Data warehousing and data marts

A data warehouse is a central, organizational, relational repository of integrated data from one or more disparate sources, across many or all subject areas. Data warehouses store current and historical data and are used for reporting and analysis of the data in different ways.

Data warehousing in Azure

To move data into a data warehouse, it is extracted on a periodic basis from various sources that contain important business information. As the data is moved, it can be formatted, cleaned, validated, summarized, and reorganized. Alternately, the data can be stored in the lowest level of detail, with aggregated views provided in the warehouse for reporting. In either case, the data warehouse becomes a permanent storage space for data used for reporting, analysis, and forming important business decisions using business intelligence (BI) tools.

Data marts and operational data stores

Managing data at scale is complex, and it is becoming less common to have a single data warehouse that represents all data across the entire enterprise. Instead, organizations create smaller, more focused data warehouses, called data marts, that expose the desired data for analytics purposes. An orchestration process populates the data marts from data maintained in an operational data store. The operational data store acts as an intermediary between the source transactional system and the data mart. Data managed by the operational data store is a cleaned version of the data present in the source transactional system, and is typically a subset of the historical data that is maintained by the data warehouse or data mart.

When to use this solution

Choose a data warehouse when you need to turn massive amounts of data from operational systems into a format that is easy to understand, current, and accurate. Data warehouses do not need to follow the same terse data structure you may be using in your operational/OLTP databases. You can use column names that make sense to business users and analysts, restructure the schema to simplify data relationships, and consolidate several tables into one. These steps help guide users who need to create ad hoc reports, or create reports and analyze the data in BI systems, without the help of a database administrator (DBA) or data developer.

Consider using a data warehouse when you need to keep historical data separate from the source transaction systems for performance reasons. Data warehouses make it easy to access historical data from multiple locations, by providing a centralized location using common formats, common keys, common data models, and common access methods.

Data warehouses are optimized for read access, resulting in faster report generation compared to running reports against the source transaction system.
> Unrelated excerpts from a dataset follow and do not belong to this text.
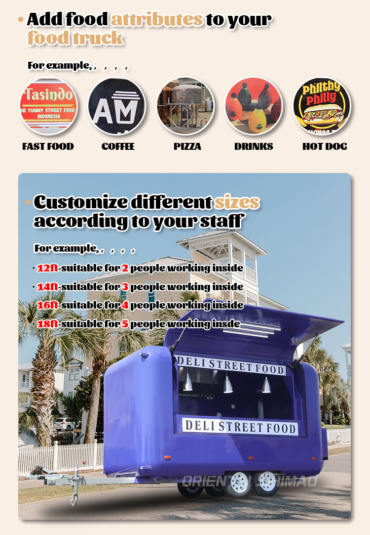 Si vous avez besoin d'une bande-annonce de fourgon alimentaire peut démarrer des affaires à tout moment, n'importe où, alors cette voiture vous convient, mais non seulement de la longueur de 36 pieds peut non seulement accueillir tout l'équipement en même temps peut également accueillir suffisamment de tables et de chaises utilisées pour solliciter les clients à venir, car chaque client peut vous permettre rapidement après avoir quitté la sollicitation du prochain client, l'efficacité est très élevée! Vous pouvez également être utilisé pour donner un jeu complet à votre imagination, après tout, 36 pieds peuvent faire beaucoup d'affaires, ne pas vous inquiéter du tout, rentables, que l'entreprise traditionnelle, vous pouvez toujours emmener votre restaurant dans une variété d'activités animées, je crois que votre voiture, peu importe où il s'agit d'un paysage brillant!
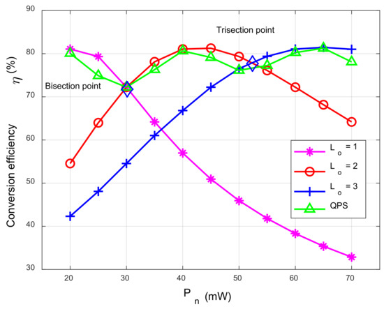 Figure 4 shows the conversion efficiency trend plotted by the reference Algorithm 1, showing the change trend of the input and output conversion efficiency of some EH circuits. With the gradual increase in the input power, when the number of circuits is 1~3, only part of the power segment occupies the optimal EH conversion efficiency; in sharp contrast to this, with the increase in the input power, the conversion efficiency () of the quantified power input curve was around the optimal EH conversion efficiency, fluctuating slightly and tending toward the optimal EH conversion efficiency. It can be seen that the quantized power input scheme has better stability than the optimal shunt input scheme, and the EH conversion efficiency of the QPS receiver tends to the optimal EH conversion efficiency when the input power is large. Therefore, a quantized QPS receiver with stable output EH conversion efficiency is adopted.
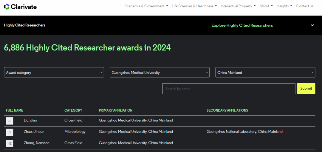 赵金存教授是继2021、2022、2023年后,第四次入选科睿唯安全球“高被引科学家”名单;钟南山院士是继2022、2023年后,第三次入选;柳娇研究员则是今年首次入选。
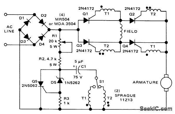 Provides both direction and speed control for fractional-horsepower series-wound or universal DC motors as long as motor current requirements are within SCR ratings. Q1-Q4, connected in bridge, are triggered in diagonal pairs. S1 determines which pair is turned on, to provide direction control. Pulse circuit is used to drive SCRs through T1 or T2. When C1 charges to break-down voltage of zener Q5, zener passes current to gate of SCR Q5 and turns it on. This discharges C1 through T1 or T2 to create desired triggering pulse. Q5 stays on for duration of half-cycle. R1 controls motor speed by changing time required to charge C1, thereby changing conduction angle of Q1-Q4 or Q2-Q3.- Direction and Speed Control for Series, Universal and Shunt Motors, Motorola, Phoenix, AZ, 1976, AN-443.
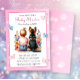 Invitations de douches pour bébé de la fille. Ma petite fille adorable assise à côté de son petit chiot German Shepherd dans une parcelle de jolies fleurs d'aquarelle. Papillons roses et bleus et jolies fleurs sauvages.
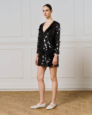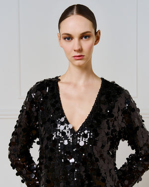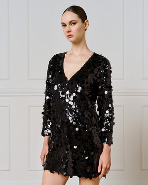 This ACCESS fashion black mini dress is a dazzling piece designed for glamorous occasions. Crafted with an all-over sequin embellishment, it catches the light beautifully, ensuring a bold and striking presence. The dress features a flattering V-neckline with a discreet zipper closure, adding both allure and functionality. Long sleeves balance the short length, while the inner lining ensures comfort and a smooth fit against the skin. Elegant yet daring, this mini dress is perfect for formal events, evening parties, or any occasion where a stunning, head-turning look is desired.
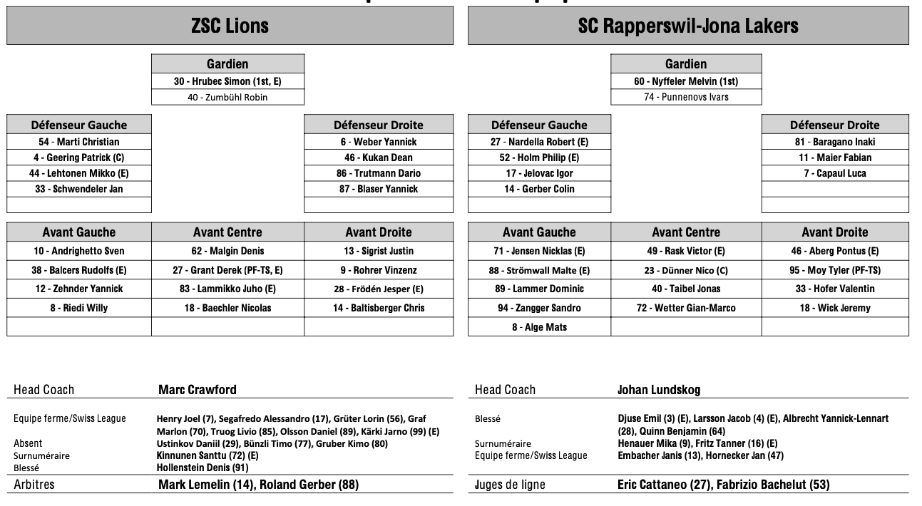 Formation des équipes et joueurs indisponibles pour le match Zurich vs Rapperswil 23/12/2024 Follow SwissHabs Derniers articles Il y a une heure Peter Cajka nous livre ses impressions sur cette fin de saison régulière Il y a 4 heures Chris DiDomenico ne devrait plus reporter le maillot d'Ambri Il y a 4 heures Saison terminée pour Luca Hollenstein, un remplaçant déjà trouvé Il y a 4 heures Coire prolonge son buteur Liekit Reichle Il y a 6 heures Les autres faits à retenir de cette nuit de NHL et de celle à venir
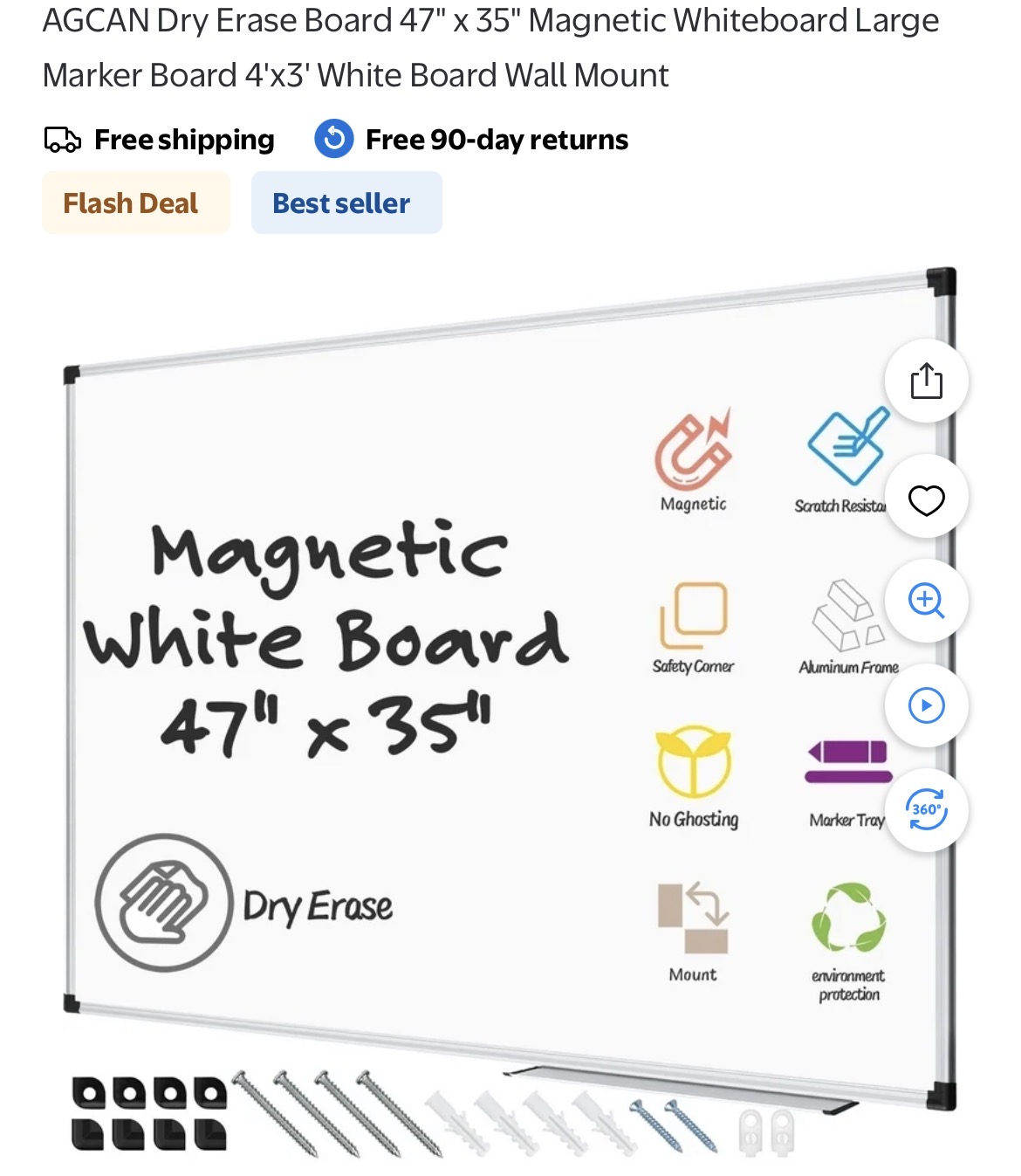 AGCAN Dry Erase Board 47" x 35" Magnetic Whiteboard Large #D199
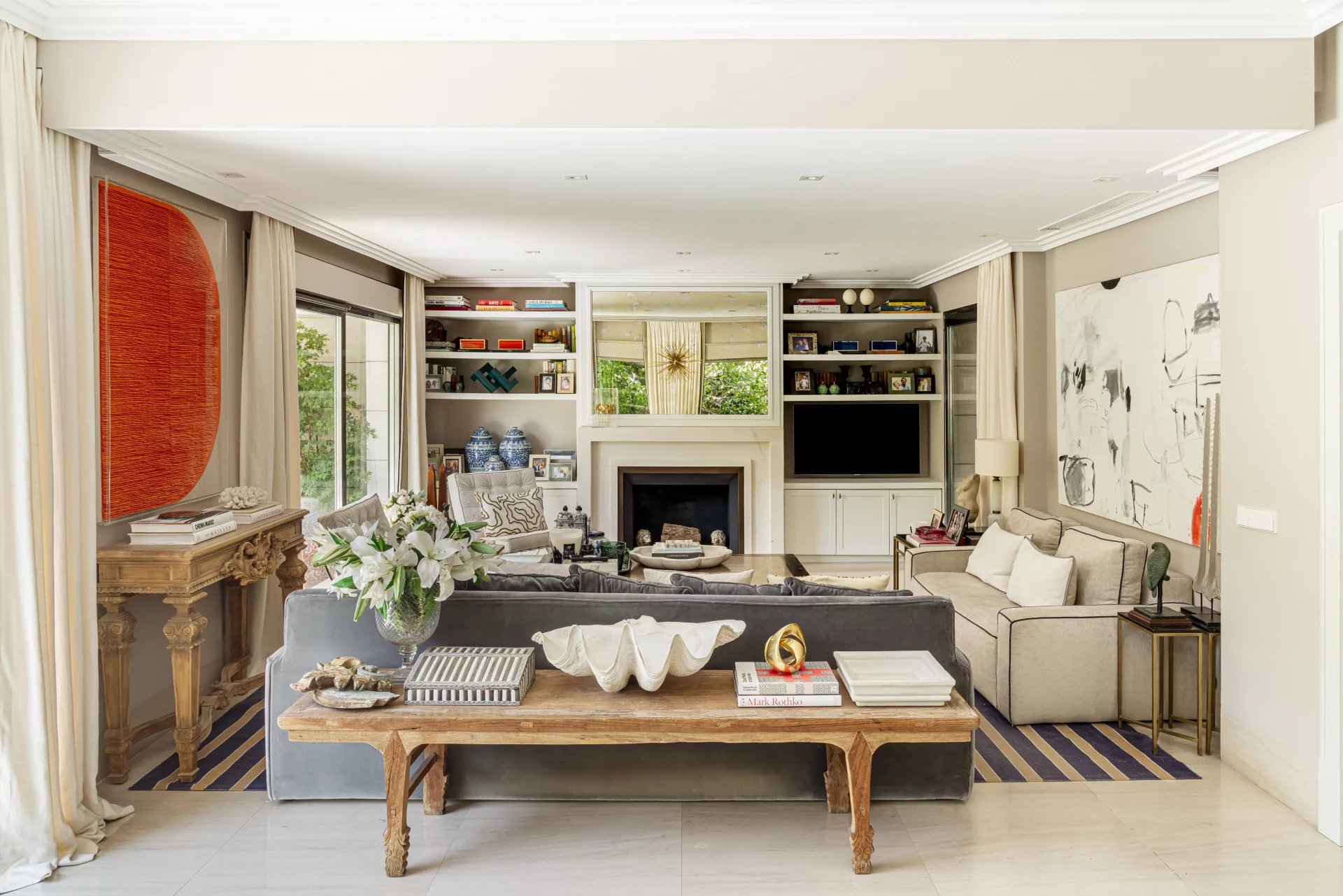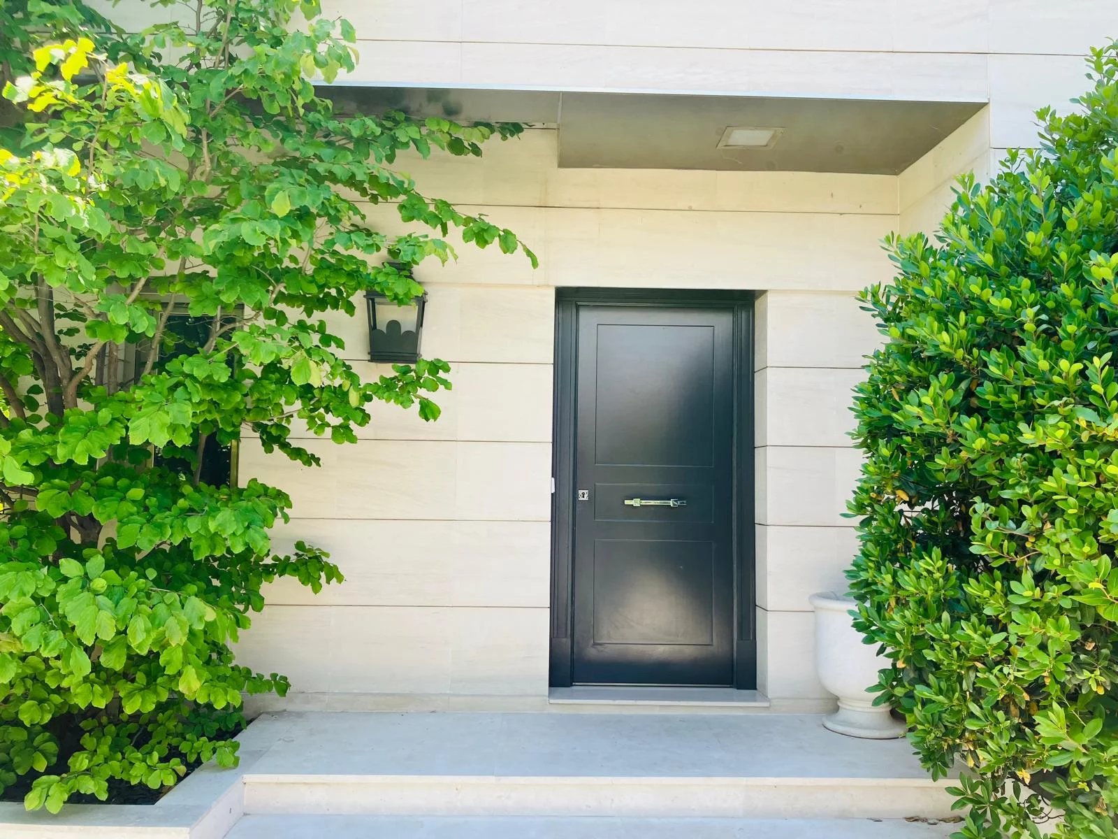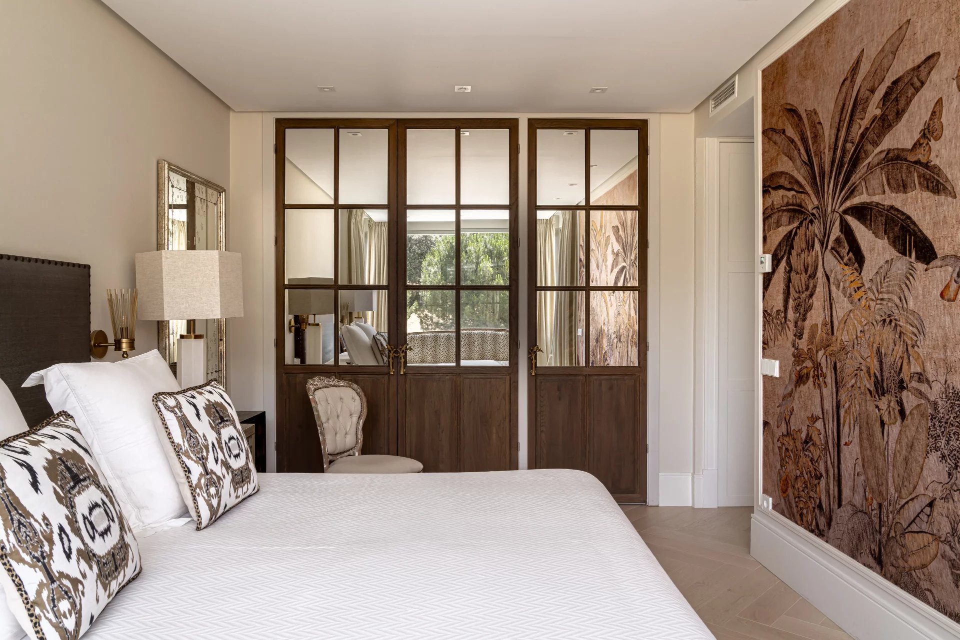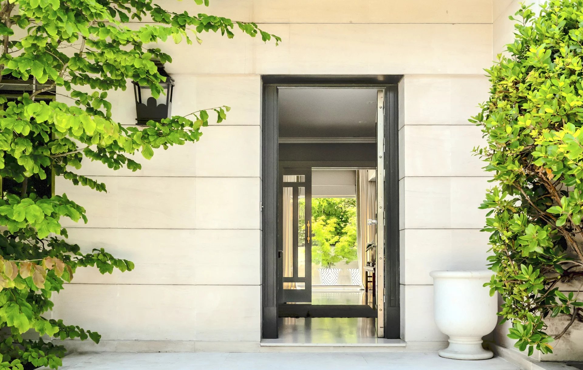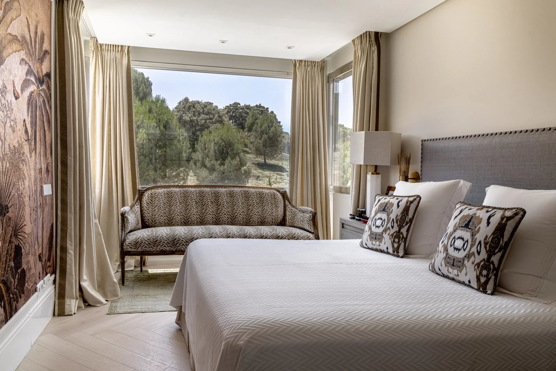 Le projet d'architecture, de design d'intérieur et d'aménagement paysager a été réalisé avec des pièces de design et des matériaux de première qualité, des sols en chêne clair et en pierre, des fenêtres en acier satiné, des armoires et des portes laquées, des volets de sécurité électriques et des auvents motorisés. Les patios vitrés et les grandes fenêtres apportent beaucoup de lumière à la propriété.
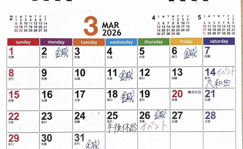 3月の予定表のお知らせ 2026.02.27 こんにちは🍀 3月の予定表ができましたのでお知らせいたします。 季節の変わり目は風邪をひきやすいので体調に気を付けてお過ごしください。 みなさまのご来院お待ちしております🏠
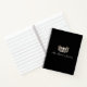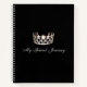 Ce bloc-notes en spirale est montré en noir élégant avec une impression d'une couronne argentée brillante sur la couverture et a aligné la règle du collège à l'intérieur. Sous la couronne se trouvent les exemples de mots de "Mon voyage spécial" dans un script sophistiqué qui vous attend pour personnaliser votre thème. Couverture arrière en couleur solide de noir avec une petite couronne argentée au fond.
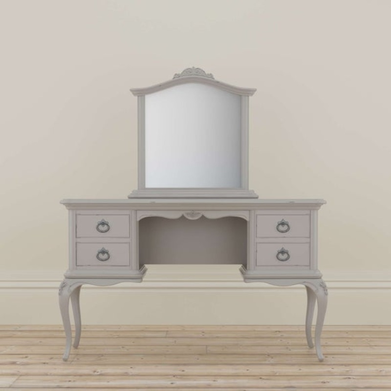 This graceful dressing table is a timeless addition to your morning routine. Featuring four drawers with dovetail joints and antique-style pewter handles, it offers ample space for beauty essentials and personal items. The soft painted finish is lightly distressed to highlight the carved detailing and elegant curves, creating a piece thats as beautiful as it is functional.
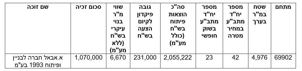 הזוכה -א. אבאל חברה לבניין ופיתוח -תשלם לרשות מקרקעי ישראל על הקרקע כ-1,070,000 ש"ח (לא כולל מע"מ והוצאות פיתוח)

In addition, data warehouses provide the following benefits:

  • All historical data from multiple sources can be stored and accessed from a data warehouse as the single source of truth.
  • You can improve data quality by cleaning up data as it is imported into the data warehouse, providing more accurate data as well as providing consistent codes and descriptions.
  • Reporting tools do not compete with the transactional source systems for query processing cycles. A data warehouse allows the transactional system to focus predominantly on handling writes, while the data warehouse satisfies the majority of read requests.
  • A data warehouse can help consolidate data from different software.
  • Data mining tools can help you find hidden patterns using automatic methodologies against data stored in your warehouse.
  • Data warehouses make it easier to provide secure access to authorized users, while restricting access to others. There is no need to grant business users access to the source data, thereby removing a potential attack vector against one or more production transaction systems.
  • Data warehouses make it easier to create business intelligence solutions on top of the data, such as OLAP cubes.

Challenges

Properly configuring a data warehouse to fit the needs of your business can bring some of the following challenges:

  • Committing the time required to properly model your business concepts. This is an important step, as data warehouses are information driven, where concept mapping drives the rest of the project. This involves standardizing business-related terms and common formats (such as currency and dates), and restructuring the schema in a way that makes sense to business users but still ensures accuracy of data aggregates and relationships.
  • Planning and setting up your data orchestration. Consideration include how to copy data from the source transactional system to the data warehouse, and when to move historical data out of your operational data stores and into the warehouse.
  • Maintaining or improving data quality by cleaning the data as it is imported into the warehouse.

Data warehousing in Azure

In Azure, you may have one or more sources of data, whether from customer transactions, or from various business applications used by various departments. This data is traditionally stored in one or more OLTP databases. The data could be persisted in other storage mediums such as network shares, Azure Storage Blobs, or a data lake. The data could also be stored by the data warehouse itself or in a relational database such as Azure SQL Database. The purpose of the analytical data store layer is to satisfy queries issued by analytics and reporting tools against the data warehouse or data mart. In Azure, this analytical store capability can be met with Azure SQL Data Warehouse, or with Azure HDInsight using Hive or Interactive Query. In addition, you will need some level of orchestration to periodically move or copy data from data storage to the data warehouse, which can be done using Azure Data Factory or Oozie on Azure HDInsight.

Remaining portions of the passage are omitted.